Giles Blunt's comic thriller, No Such Creature, about a couple of con men who run up against real evil, is actually both comic and thrilling. The bad guys are really, really bad. The good guys are also kind of bad, but in a likeable-rogue kind of way. It wasn't a bestseller and you may have to work a little to find it, but it's worth the effort.

*

Do you really need me to tell you about a Michael Connelly novel? This guy is one of the best mystery writers ever, and he owns LA.

But Connelly's roots are in journalism, so when he writes a novel about a reporter who is about to get laid off as part of the desperate effort of print newspapers to stay alive, you get a real sense that he's coming home.

Like coming home for a family reunion, where you know everybody and even mostly love them but you also are aware of every wart and goiter, every skeleton in the closet -- and you know who always fights with whom, and which uncle you never leave the children with.

And because Connelly does his research, when The Scarecrow takes us into the world of computers and hacking and identity destruction and surveillance, it's all smart and believable. This is rare. Most writers -- especially screenwriters -- make idiotic mistakes in dealing with computers and what they can and can't do and how they work. But Connelly's nefarious villain is really quite plausible. Which makes him far more scary.

As with most mystery-thrillers, the climax has the hero in a fight to the death. Only it's not a fight, really. It involves a method of murder I've never seen anyone use in fiction before. That's flat-out hard to do these days. But it's Michael Connelly we're talking about, so ... no surprise.

*

Elmore Leonard has earned the blurbs on his latest book, Road Dogs: "No one is Leonard's equal." "The Hottest Thriller Writer in the U.S." "The greatest crime writer of our time, perhaps ever." "Crime Fiction's greatest living practitioner."

And those quotes aren't from reviewers in obscure local weeklies. They're from the Chicago Tribune, Time magazine, the New York Times Book Review, and Washington Post Book World.

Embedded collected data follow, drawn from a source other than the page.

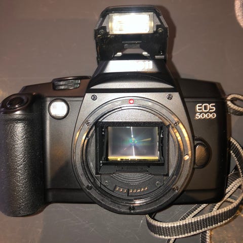 Canon EOS 1000 är en analog systemkamera från Canon. Den är avsedd för fotografering med film och har klassiska manuella inställningar för exponering och fokus.Batterier behöver bytas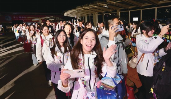 《年轻的力量》《夜空中最亮的星》《红日》《再见》……乐队现场演奏起“小叶子”们心爱的旋律,来自各校的“小叶子”们列队而过,他们挥手、击掌,荧光棒在空中摇曳生辉。“小叶子冲鸭”“致那些披星戴月的日子”……五彩斑斓的灯牌标语在国家会展中心东登录厅的天桥上闪烁。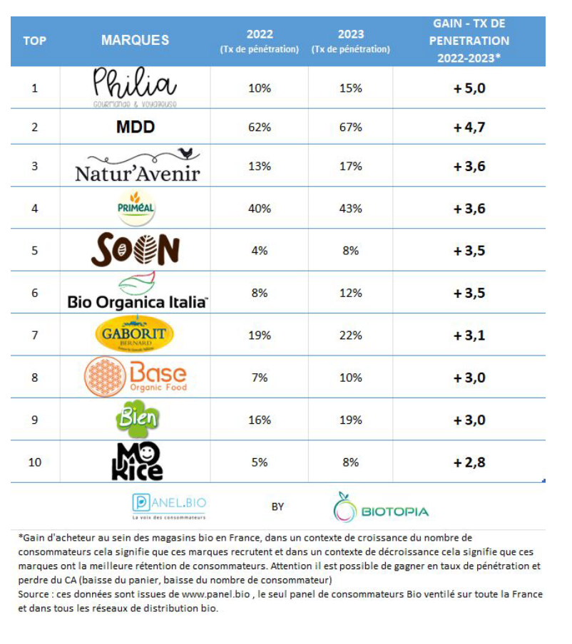 Ce classement recense les marques alimentaires (hors vrac) ayant connues la plus forte augmentation en taux de pénétration en magasin bio en 2023.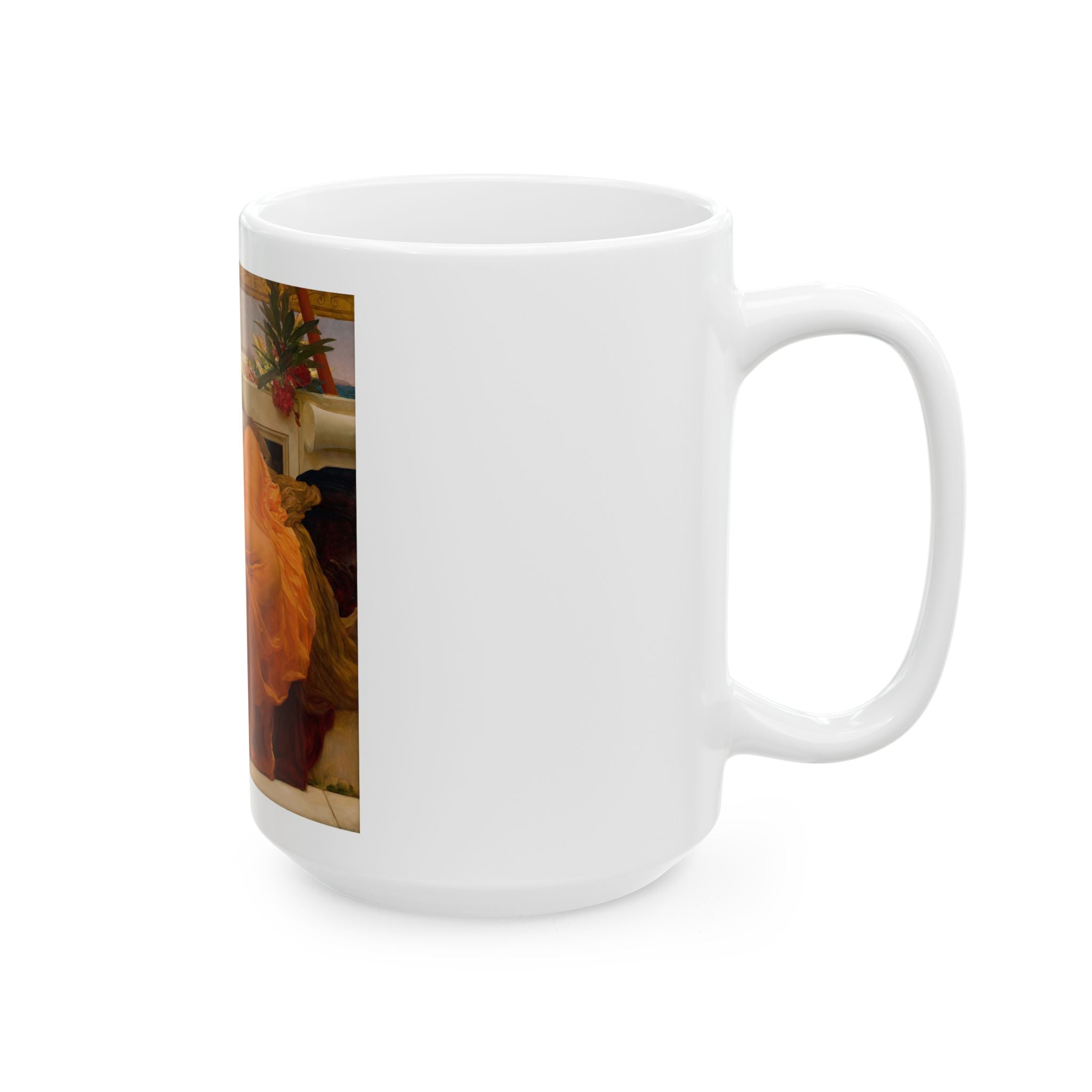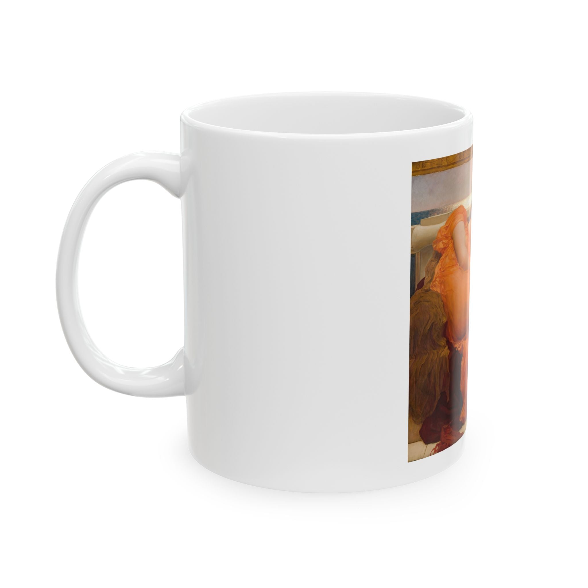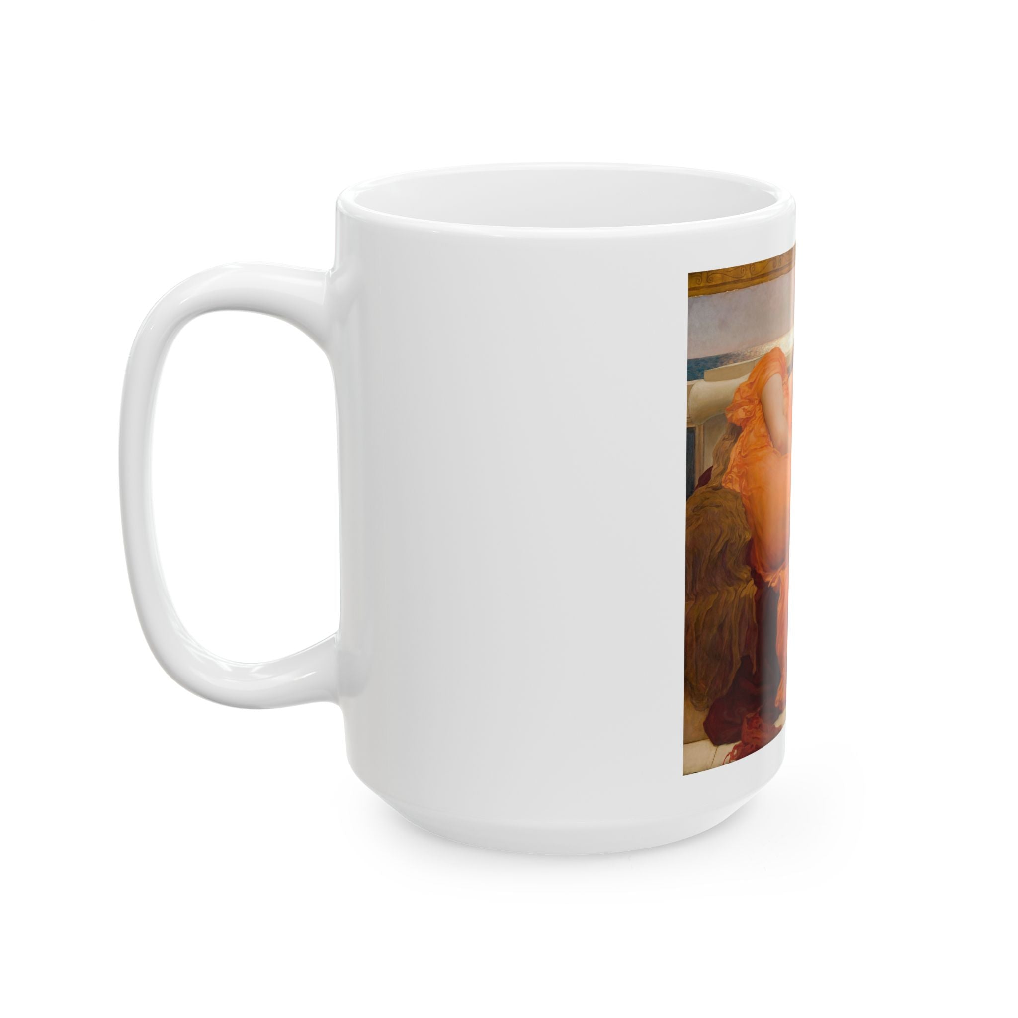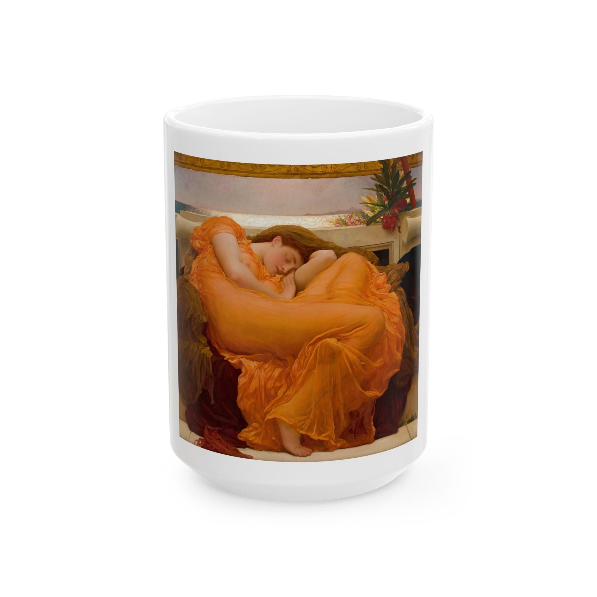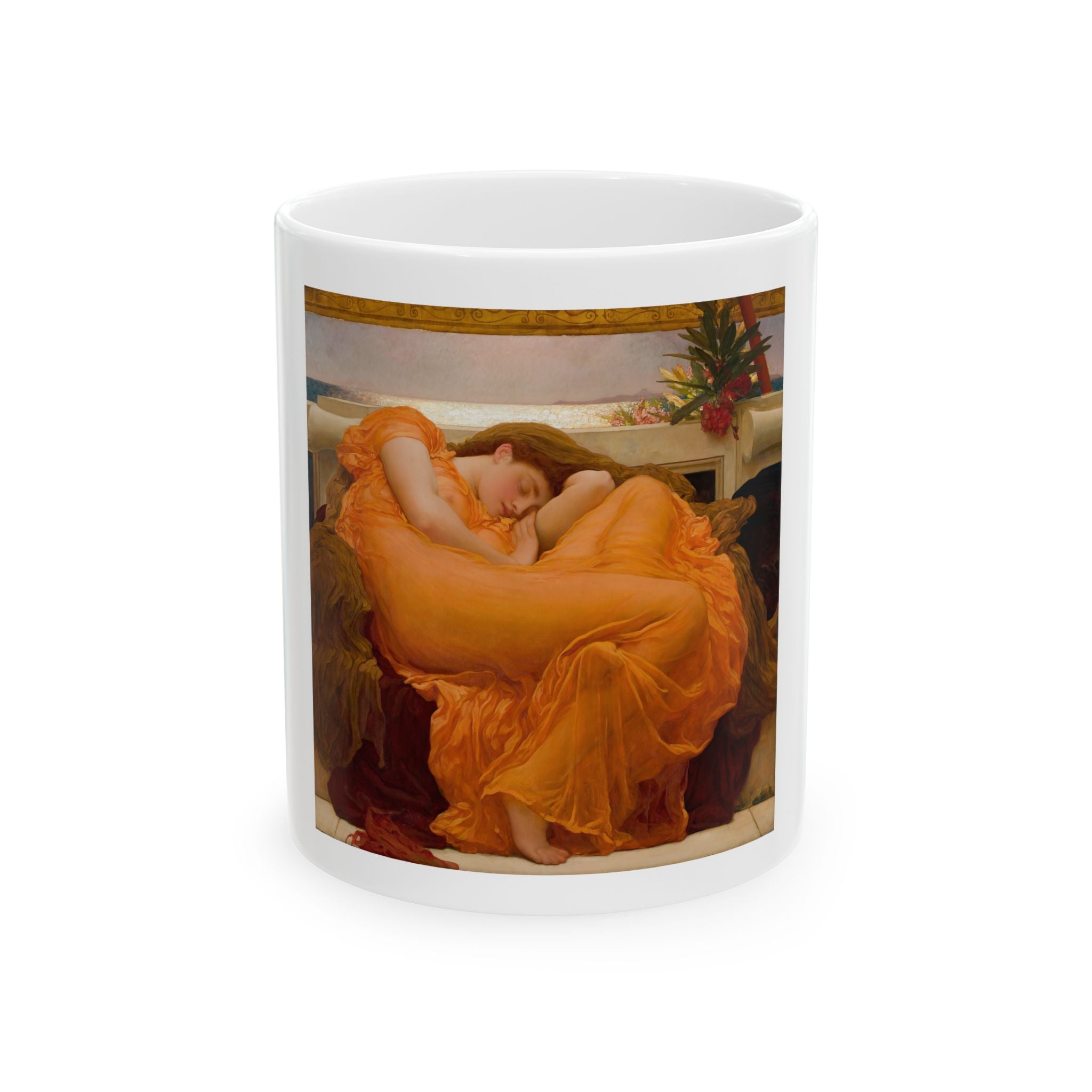 Artwork designed and digitally remastered by Sarasvati Designs. "Flaming June" is a masterpiece created by the English artist Frederic Leighton in 1895. The central subject of the painting is a young woman in a state of repose, reclining on a marble bench. Her figure is gracefully elongated, and she is bathed in the golden light of a Mediterranean summer. "Flaming June" is often associated with Neoclassicism, a style that drew inspiration from classical art and emphasized idealized forms and themes. The exquisite portrayal of the female form and the vibrant color palette make it a timeless masterpiece that continues to captivate art enthusiasts around the world.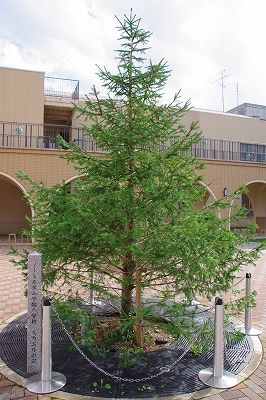 残念ながら,2018年9月の台風21号の強風で,シンボルツリーが倒れてしまいました。ミカエルの会,父母の会,同窓会有志のご寄付により新しいシンボルツリーを植樹することができました。皆様に感謝申し上げます。
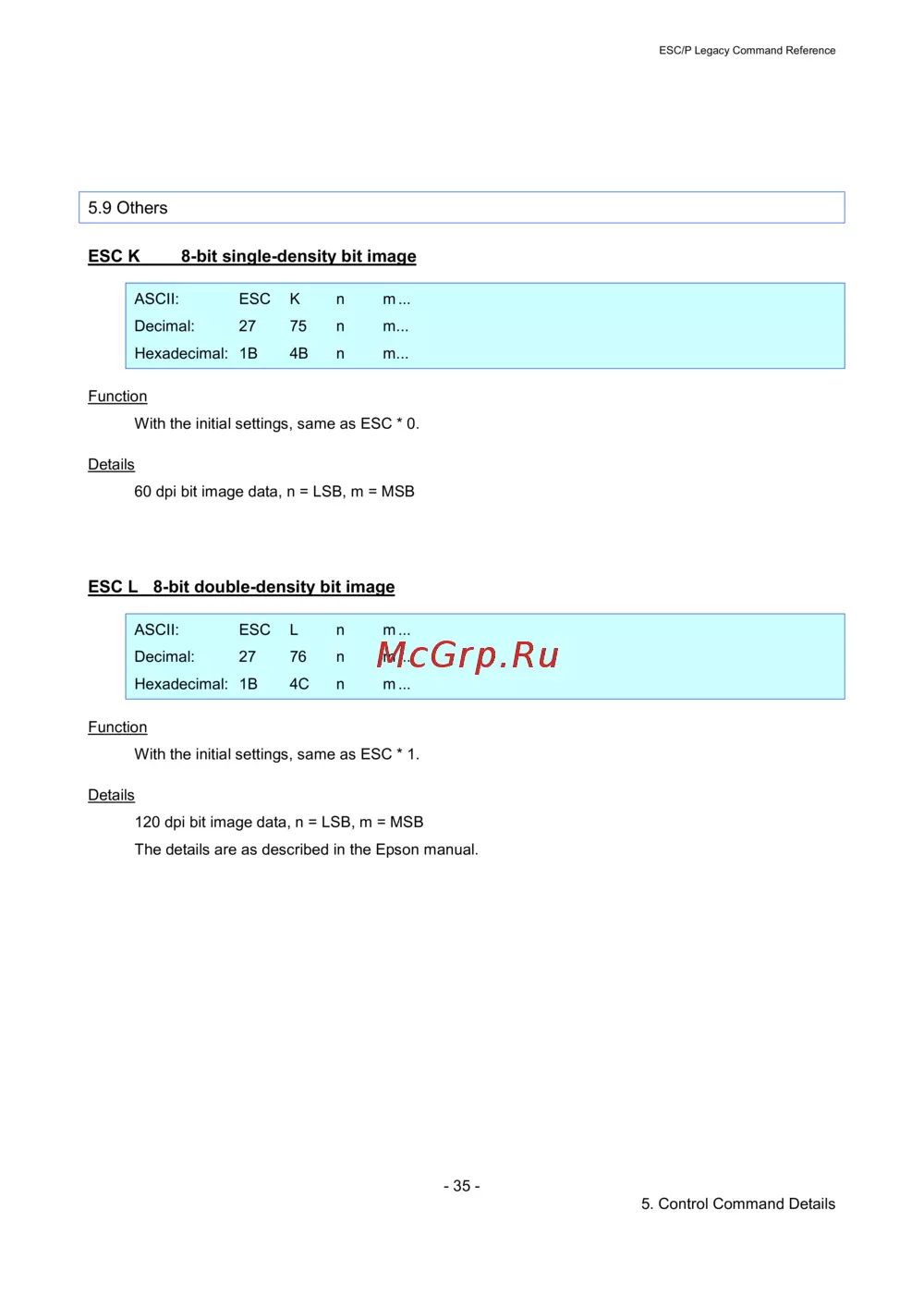 - Esc p legacy command reference p.1

And Road Dogs takes place in prime Elmore Leonard territory. Bank robber Jack Foley, whom we first met in Out of Sight, makes a very useful friend in prison, where he's serving a thirty-year sentence, inflated because he got involved in a prison break.

The friend is Cundo Rey, a criminal who happens to be extraordinarily rich, and Rey manages to get a lawyer to spring Foley from jail. Foley's job once he's out is to go live in one of Rey's houses in Venice Beach, California, and look out for Rey's wife, Dawn Navarro, a professional (and of course fake) psychic.

Everybody's a crook. There are no good guys. What makes us like Foley is that, without making a show of it, he's nicer than the other people and mostly smarter than they are, too. But he has no problem killing when it seems like the right thing to do.

And so even though this book is a terrific read, I actually felt guilty for enjoying it. So guilty that in fact by the end I really wasn't enjoying it. I wanted the cops to come in and arrest everybody. Or shoot everybody. Fortunately, they pretty much end up all killing each other, but ...

I guess I'm getting so old that I prefer to spend my time with people I actually like and admire. I like and admire Elmore Leonard as a writer (no, we've never met), but I don't like or admire any of his characters. They're all people that I'd rather leave a party than spend time in the same room with.

Of course, most parties I'd rather leave because I don't much like parties -- too many people -- so don't go by me. The blurbs about Leonard are true. This book is first-rate. I'm completely wrong to have found it so distasteful. And besides, what kind of hypocrite am I, to recommend No Such Creature, which is every bit as full of unpleasant criminals, and then diss Road Dogs?

All I can say is, when I read No Such Creature I wasn't quite fed up yet with novels about low-life scum, and now I am. For the time being, anyway.